Project: PoS tagging - Darmstadt

Hrafn Loftsson
Teachers

Assistant Professor

Posts: 33

Project: PoS tagging - Darmstadt Nov 28, 2009 16:02:53 GMT -5

Quote

Post by Hrafn Loftsson on Nov 28, 2009 16:02:53 GMT -5

Hello MSc-students in Darmstadt.

I just uploaded (as of Saturday, November 28th, at 22:00) a new revised description of your tagging project. If you had downloaded the description earlier then you need to download it again.

Moreover, I uploaded a new version of IceNLP to www.ru.is/faculty/hrafn/Software/IceNLP-1.3.zip - make sure you have that version.

Regards, Hrafn.

ali
New Member

Posts: 3

Project: PoS tagging - Darmstadt Dec 4, 2009 16:27:56 GMT -5

Quote

Post by ali on Dec 4, 2009 16:27:56 GMT -5

Hello all,

I'm encountering a problem while doing the fourth part of the project.

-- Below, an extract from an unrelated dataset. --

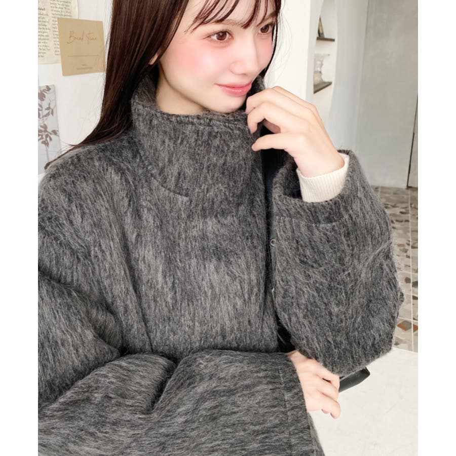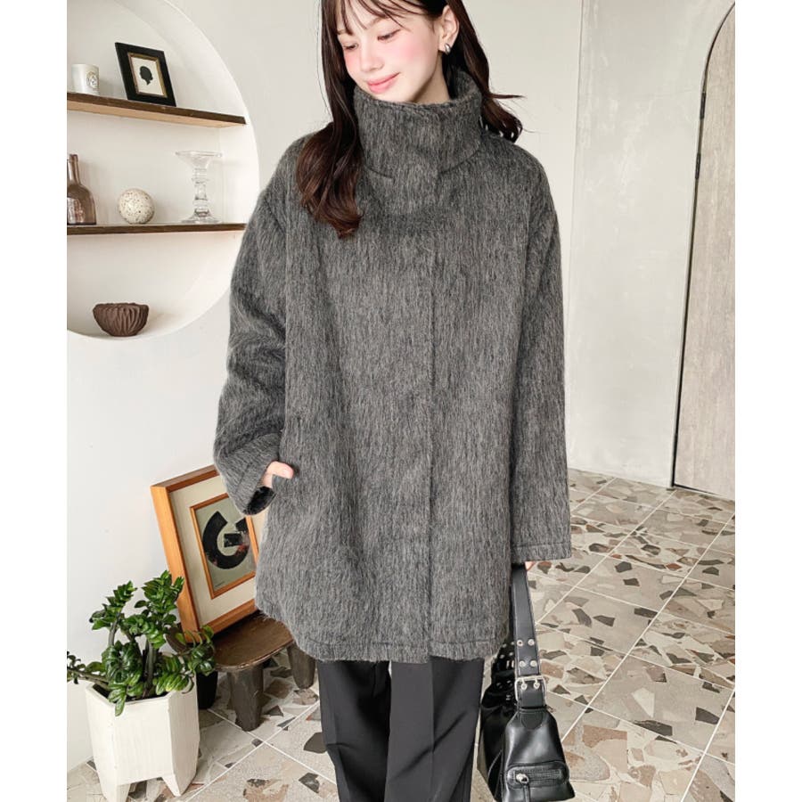 【ふんわりシャギー素材×スタンドカラーで、大人の冬コーデを格上げするジップアップコート】

During tagging the test corpus file I get an error message saying that the number of found states is bigger than the number of maximum states:

./tritagger.sh -p paramDefault.txt -cp
************************************************
* TriTagger - A HMM tagger (bi- or trigrams) *
* Version 1.1 *
* Copyright (C) 2005-2009, Hrafn Loftsson *
************************************************
Input: ./test_hmm.txt, one token per line
Output: ./test.tri.out, one token per line
Sentences start with an upper case letter
Started at: 12/4/09 10:05 PM
Loading model ../../ngrams/models/corpus ...
Using trigrams
Found 65357 states but maximum is: 65356

The output file remains empty.

If I reduce the number of tokens in test.corpus (e.g. from 47373 to 500) , the trigger will work properly.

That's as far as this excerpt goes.